Mint and Jalepeno Jelly
by Christine
(North Shore, NZ)
This is great with cold meats, curry (instead of mango chutney), lamb - of course - and whatever else takes your fancy! I am getting orders to make more from friends and its a great way to use up the mint growing in the garden. Obviously, you can add more chillies ;o}
- 2 cups fresh mint (any type) leaves, chopped fine
- 2 jalapeņo peppers (I use whatever chillies I have), seeded, diced
- 3/4 cup white wine or cider vinegar (I prefer cider vinegar)
- 2 Tbs lemon juice
- 3 1/2 cups sugar
- 1 envelope powdered pectin
In a small saucepan, heat the mint leaves with 1 1/2 cups water, bring to boil, shut off heat and let steep for 30 minutes.

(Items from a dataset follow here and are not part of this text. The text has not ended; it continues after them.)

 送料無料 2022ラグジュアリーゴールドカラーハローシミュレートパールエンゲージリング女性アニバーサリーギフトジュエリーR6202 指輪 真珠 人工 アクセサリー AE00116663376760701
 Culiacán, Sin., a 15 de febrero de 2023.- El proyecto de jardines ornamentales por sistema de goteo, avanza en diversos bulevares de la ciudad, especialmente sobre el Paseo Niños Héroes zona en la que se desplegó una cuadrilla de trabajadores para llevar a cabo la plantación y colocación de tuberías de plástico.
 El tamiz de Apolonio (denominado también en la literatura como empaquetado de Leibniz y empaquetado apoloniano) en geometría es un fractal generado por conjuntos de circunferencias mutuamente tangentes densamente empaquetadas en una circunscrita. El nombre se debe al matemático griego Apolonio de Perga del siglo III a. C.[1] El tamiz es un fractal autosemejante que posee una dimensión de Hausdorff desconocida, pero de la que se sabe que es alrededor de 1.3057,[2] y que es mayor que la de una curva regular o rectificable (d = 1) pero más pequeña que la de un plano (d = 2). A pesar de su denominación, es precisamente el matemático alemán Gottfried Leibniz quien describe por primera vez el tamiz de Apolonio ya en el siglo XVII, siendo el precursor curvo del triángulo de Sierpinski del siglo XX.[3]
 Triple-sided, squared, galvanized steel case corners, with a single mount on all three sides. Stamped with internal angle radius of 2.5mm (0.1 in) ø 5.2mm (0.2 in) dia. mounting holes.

Strain mint infusion into large saucepan, squeezing out mint leaves to extract as much mint as possible (I used several sheets of kitchen roll in a small colander for straining). Discard boiled leaves.
Add vinegar, lemon juice, chopped jalapeņos, and pectin to the mint infusion, stir well.

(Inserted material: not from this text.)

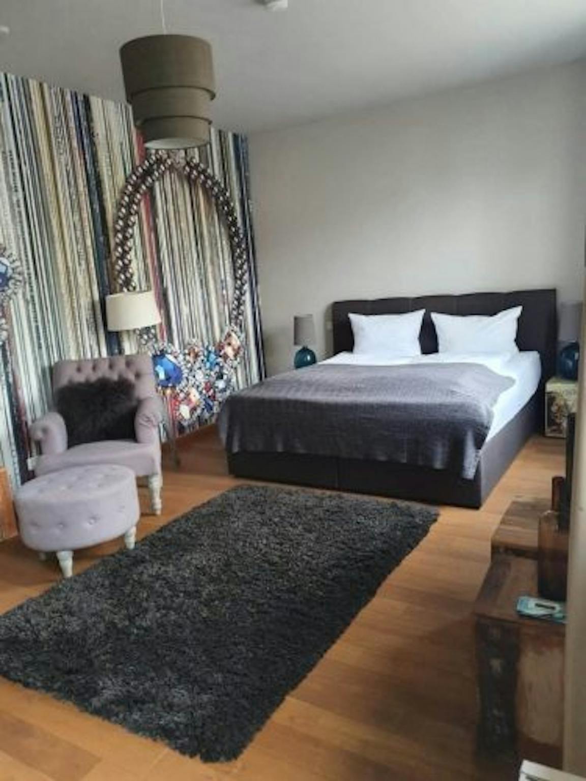 Wohnen und Design. Das gehört für uns zusammen. Komfort, Inspiration und Atmosphäre – darauf legen wir großen Wert! Bei uns verirrt sich niemand. Denn jede Etage und jedes Appartement ist eine Welt für sich: So schmücken Seiten der großen Brockhaus-Enzyklopädie einen Flur. Während ein zweiter vollgekleckst ist mit weißer Farbe, beherbergt ein dritter eine originelle Sammlung von Kuckucksuhren. Ebenso wie die Stockwerke sind unsere Appartements mit viel Liebe zum Detail inszeniert. In zwei Stilrichtungen - Bohemian und Scandinavian. Das Apartment befindet sich auf Stockwerk 1 - 5. Die Größe des Apartments sowie die Bettgröße und die Stilrichtung variiert je nach Apartment und wird nach Verfügbarkeit zugeteilt.

Heat to hard boiling, stirring constantly. Add sugar and keep stirring until the jelly has boiled hard for about 2 minutes, or until it has started to thicken. This will bubble up quite a bit, so make sure that your pot is at least twice as large as the mixture.
Turn off heat and let sit for a few minutes then pour into hot jars.
Gently invert jars several times during cooling to redistribute the chilli.
Can be eaten virtually straight away but, I find the flavour deepens the longer it is stored.